Figures & data
Figure 1. Inhibition of a subfamily of PKC enzymes by violacein. (a) Classical-type recombinant PKCs (α, βI, βII and γ, 7.5 ng of each) were assayed at 30°C for 10 min. Phosphorylations in the absence of violacein were 0.63 (PKCα), 0.34 (PKCβI), 0.76 (PKCβII) and 0.38 (PKCγ) nmol Pi, respectively. (b) Novel and atypical recombinant PKCs (δ, ε, θ, η and ζ, 6.6 ng of each) were assayed at 30°C for 10 min. Phosphorylations in the absence of violacein were 0.023 (PKCδ), 0.13 (PKCε), 0.020 (PKCη), 0.095 (PKCθ) and 0.13 (PKCζ) nmol Pi, respectively.

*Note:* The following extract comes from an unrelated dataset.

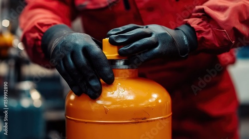Close-up of hands in black gloves holding an orange cylinder. A worker dressed in a red jacket is using it to fill a gas canister at the factory. The focus is on the hand and body position

Figure 2. Inhibition of the catalytic subunits of PKA and PKC by violacein. (a) Catalytic subunits of PKA (1 unit) and (b) PKC (2.1 ng) were assayed at 30°C for 10 and 20 min, respectively, in the presence of the indicated concentrations of violacein.
Figure 3. Enzyme kinetics of the PKA catalytic subunit. Eadie–Hofstee plot of kinetic experiments with PKA. PKA was assayed without violacein (closed square) and in the presence of 6-μM violacein (closed circle).
Figure 4. Effects of violacein on Src kinase and CaM kinase. Src kinase (20 ng) and CaM kinase (15 ng) were assayed at 30°C for 20 min. Phosphorylations in the absence of violacein were 0.047 (Src kinase) and 0.54 (CaM kinase) nmol Pi, respectively.